** Work request **
Images are not part of the copy; transcribe all the data exactly.

** Material for this task **
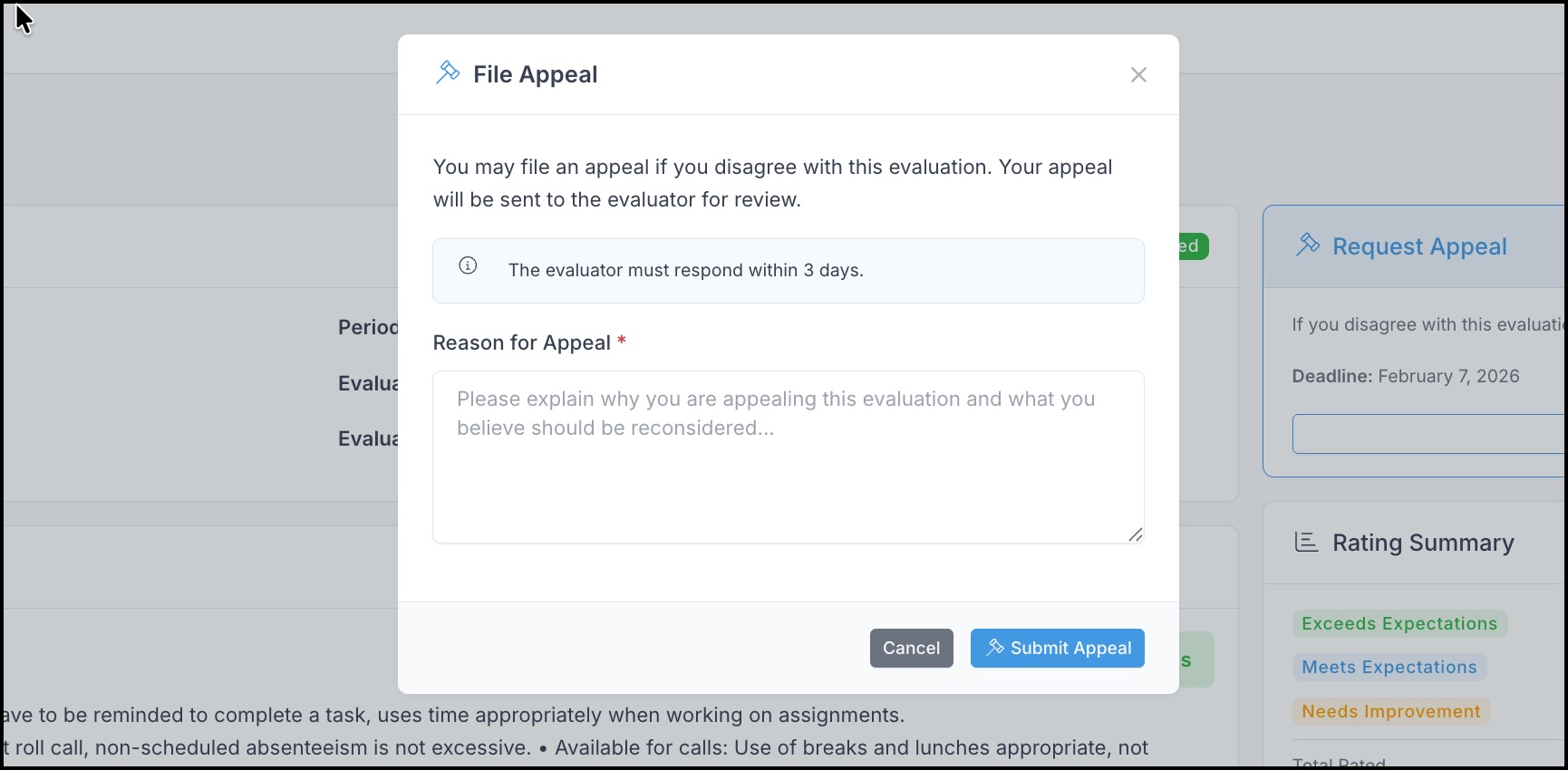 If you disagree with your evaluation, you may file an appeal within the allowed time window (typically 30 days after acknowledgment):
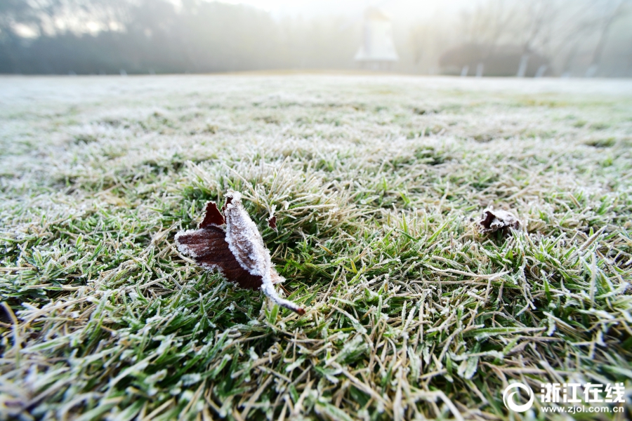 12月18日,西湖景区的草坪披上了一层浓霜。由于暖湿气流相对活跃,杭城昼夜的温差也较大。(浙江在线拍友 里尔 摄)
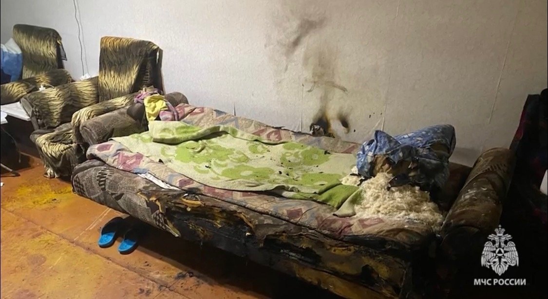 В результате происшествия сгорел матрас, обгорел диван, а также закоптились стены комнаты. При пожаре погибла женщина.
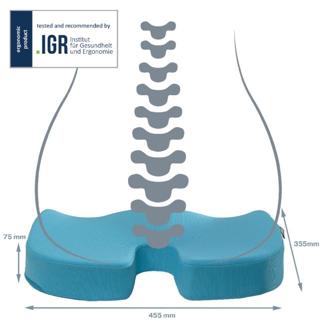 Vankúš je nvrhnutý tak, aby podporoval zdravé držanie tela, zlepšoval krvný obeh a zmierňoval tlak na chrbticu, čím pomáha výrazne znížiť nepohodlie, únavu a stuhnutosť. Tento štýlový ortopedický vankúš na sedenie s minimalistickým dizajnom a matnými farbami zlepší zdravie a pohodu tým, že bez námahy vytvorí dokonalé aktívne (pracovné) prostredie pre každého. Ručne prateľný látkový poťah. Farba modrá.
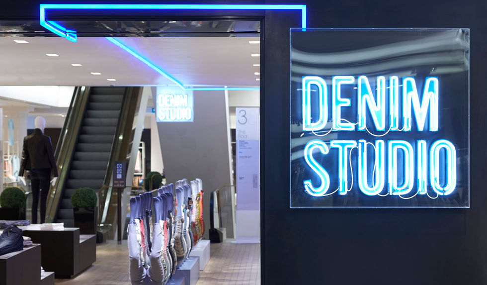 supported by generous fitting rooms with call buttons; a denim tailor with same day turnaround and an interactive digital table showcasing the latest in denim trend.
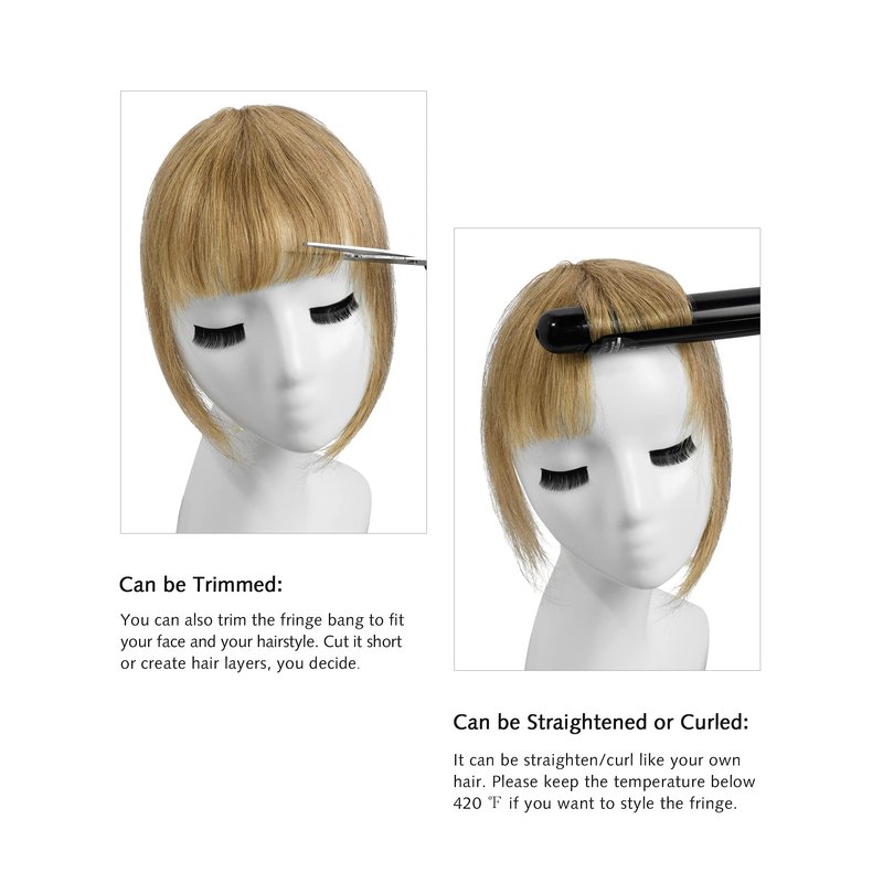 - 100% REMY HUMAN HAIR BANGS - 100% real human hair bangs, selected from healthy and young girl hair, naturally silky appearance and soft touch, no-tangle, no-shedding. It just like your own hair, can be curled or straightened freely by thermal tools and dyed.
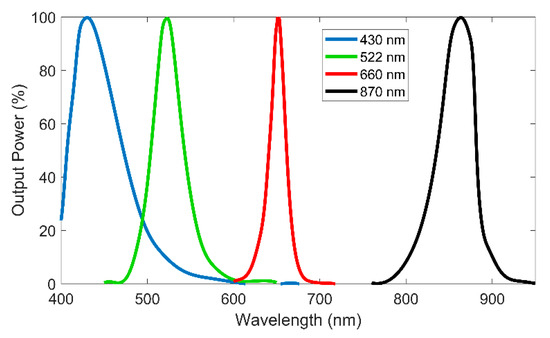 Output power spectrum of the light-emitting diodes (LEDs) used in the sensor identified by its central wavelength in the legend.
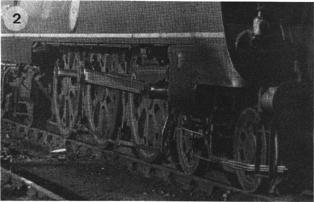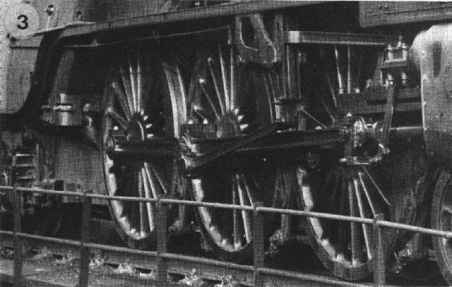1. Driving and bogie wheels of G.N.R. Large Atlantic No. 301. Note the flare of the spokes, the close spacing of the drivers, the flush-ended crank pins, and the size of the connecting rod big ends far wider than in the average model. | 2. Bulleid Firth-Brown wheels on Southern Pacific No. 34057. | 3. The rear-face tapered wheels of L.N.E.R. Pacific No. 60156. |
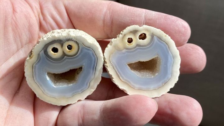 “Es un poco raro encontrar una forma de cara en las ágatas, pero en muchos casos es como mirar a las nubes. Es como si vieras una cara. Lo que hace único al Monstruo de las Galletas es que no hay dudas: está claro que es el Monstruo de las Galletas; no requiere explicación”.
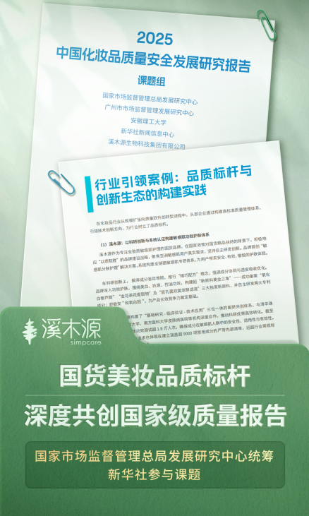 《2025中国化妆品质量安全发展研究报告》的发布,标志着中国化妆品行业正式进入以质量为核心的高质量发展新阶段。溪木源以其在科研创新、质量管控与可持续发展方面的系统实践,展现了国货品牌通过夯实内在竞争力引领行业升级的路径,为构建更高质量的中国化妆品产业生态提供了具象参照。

** Solution **
 If you disagree with your evaluation, you may file an appeal within the allowed time window (typically 30 days after acknowledgment):
 12月18日,西湖景区的草坪披上了一层浓霜。由于暖湿气流相对活跃,杭城昼夜的温差也较大。(浙江在线拍友 里尔 摄)
 В результате происшествия сгорел матрас, обгорел диван, а также закоптились стены комнаты. При пожаре погибла женщина.
 Vankúš je nvrhnutý tak, aby podporoval zdravé držanie tela, zlepšoval krvný obeh a zmierňoval tlak na chrbticu, čím pomáha výrazne znížiť nepohodlie, únavu a stuhnutosť. Tento štýlový ortopedický vankúš na sedenie s minimalistickým dizajnom a matnými farbami zlepší zdravie a pohodu tým, že bez námahy vytvorí dokonalé aktívne (pracovné) prostredie pre každého. Ručne prateľný látkový poťah. Farba modrá.
 supported by generous fitting rooms with call buttons; a denim tailor with same day turnaround and an interactive digital table showcasing the latest in denim trend.
 - 100% REMY HUMAN HAIR BANGS - 100% real human hair bangs, selected from healthy and young girl hair, naturally silky appearance and soft touch, no-tangle, no-shedding. It just like your own hair, can be curled or straightened freely by thermal tools and dyed.
 Output power spectrum of the light-emitting diodes (LEDs) used in the sensor identified by its central wavelength in the legend.
1. Driving and bogie wheels of G.N.R. Large Atlantic No. 301. Note the flare of the spokes, the close spacing of the drivers, the flush-ended crank pins, and the size of the connecting rod big ends far wider than in the average model. | 2. Bulleid Firth-Brown wheels on Southern Pacific No. 34057. | 3. The rear-face tapered wheels of L.N.E.R. Pacific No. 60156. |
 “Es un poco raro encontrar una forma de cara en las ágatas, pero en muchos casos es como mirar a las nubes. Es como si vieras una cara. Lo que hace único al Monstruo de las Galletas es que no hay dudas: está claro que es el Monstruo de las Galletas; no requiere explicación”.
 《2025中国化妆品质量安全发展研究报告》的发布,标志着中国化妆品行业正式进入以质量为核心的高质量发展新阶段。溪木源以其在科研创新、质量管控与可持续发展方面的系统实践,展现了国货品牌通过夯实内在竞争力引领行业升级的路径,为构建更高质量的中国化妆品产业生态提供了具象参照。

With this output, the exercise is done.